「記者は不倫している」「日本国籍ではない」…“マスゴミ”叩きをするネット民の「頭の中」

新聞、雑誌、放送……、これら既存のメディア、すなわちマスコミのことをネット民は、時に“マスゴミ”と揶揄し侮蔑する。人は時に間違いを犯す。時に報道のプロを自認する既存のメディアといえども、過去にはいくつかの誤報や捏造を行ってきた黒歴史がある。それでいて後は何事もなかったかのように振る舞う。

ごく一般の社会では、たった一回のミスでもその後の社会的生命が閉ざされることもある。この差は大きい。ネット民たちがマスコミが敵対視する理由は、ただただ、この一点に尽きよう。

「今や“マスゴミ”と化したメディアは正しい情報を伝えようとしない。だからネットがそれを正さなければなりません」

こう語るのは、かつては2ちゃんねる(現・5ちゃんねる)掲示板で、今では大手ポータルサイト各種に設けられているコメント欄を主戦場とするコアなネットユーザーだ。2ちゃんねらーからネット民へ。彼の歩みはその時々で影響力を発揮するネットメディアの変遷と歩調を合わす。

「マスコミは広告収入を意識して、その報道内容を忖度したり、酷い時にはスルーすることもある。でもネット民は無収入です。だからこそ公正で中立、正しい言論ができます」

〔PHOTO〕iStock
 

このネットユーザーの彼と記者との出会いは2016年のこと。兵庫県議会議員(当時)による「公金詐取事件」の裁判時に遡る。当時、とあるネットメディアの記者の名刺を持ち、取材に当たっていた記者は、裁判の傍聴待ち時間に彼と出会った。以来、折に触れて彼から連絡をくれるようになった。

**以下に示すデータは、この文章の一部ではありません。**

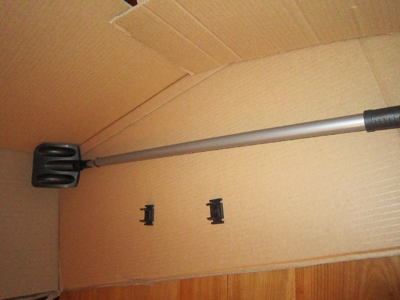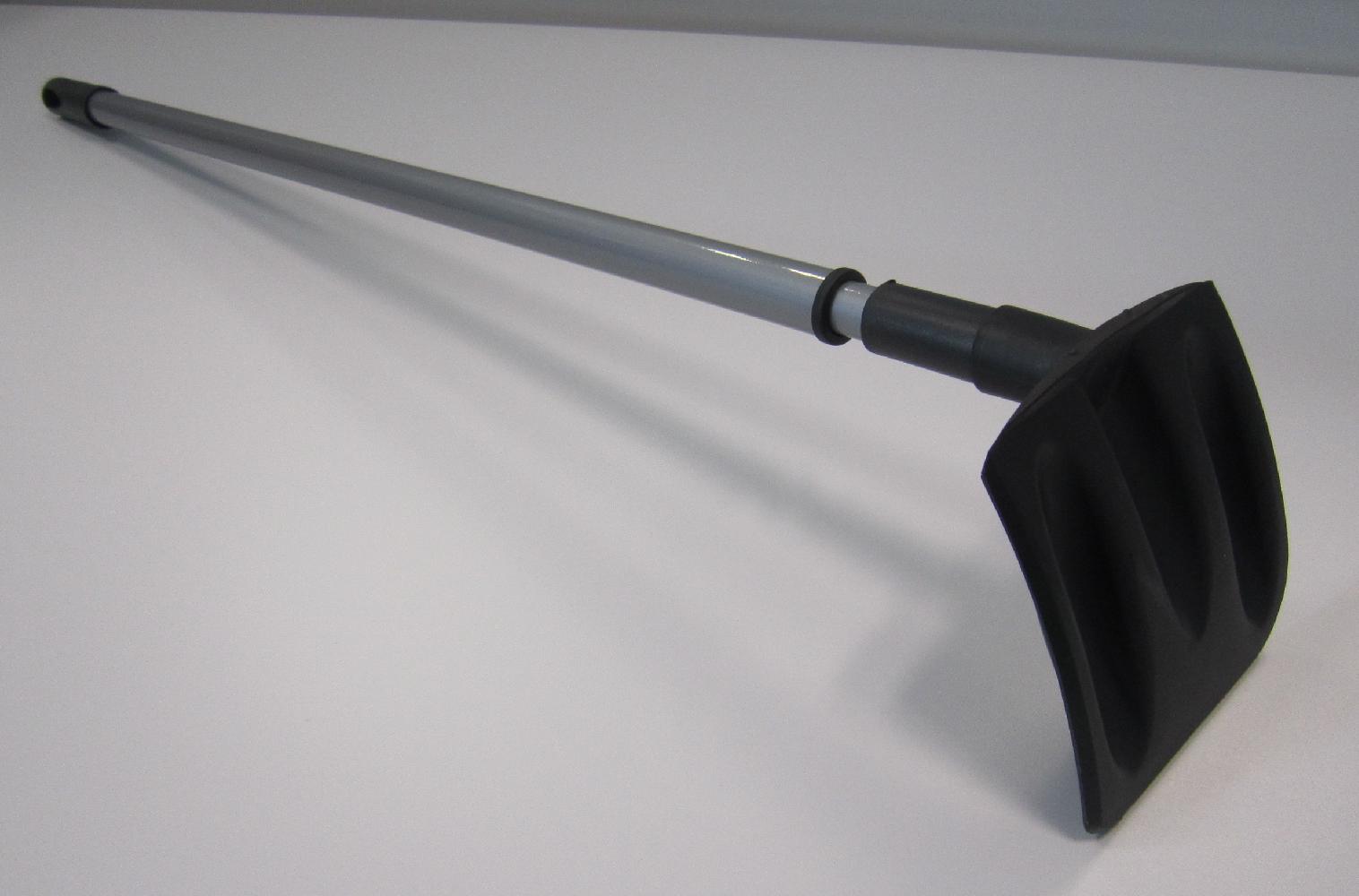 Komín výhozu trávy do sběrného boxu se musí pravidelně kontrolovat a čistit. Tuto činnost vám usnadní teleskopická, výsuvná čistící škrabka. Rovněž v případě, že dojde k zahlcení sekacího zařízení a následnému ucpání komínu výhozu trávy do sběrného boxu, je nutné komín výhozu vyčistit a napěchovanou trávu z komínu výhozu uvolnit. K tomu slouží čistící teleskopická škrabka, kterou lze na traktor upevnit do uchytů, umístěných na horním, plastovém víku sběrného boxu. Po vyčištění komínu výhozu škrabku opět složíme a upevníme do záchytů, připravenou k dalšímu případnému použití.

「マスコミの監視役としてネットは存在するはずです。これからもネット民として、あなた方マスコミの報道をチェックしていきたいと思います」

当時、手厳しい言葉とは裏腹に明るく、こう話す彼の言葉を、今でも記者は昨日のことのように思い出す。その彼の話を聞くことで、今、斜陽と言われて久しいマスコミ、ジャーナリズムが抱えている問題が炙り出されるかもしれない。そうした思いから“社会の木鐸”を自認する彼の声に耳を傾けることにした。

なお、今回、記事中に彼の話を掲載するにあたり、実名での掲載の可否を尋ねたが、彼からは「日常では一般人として生活しているので実名での掲載は遠慮したい」との理由から、匿名での掲載としたことを付記しておく。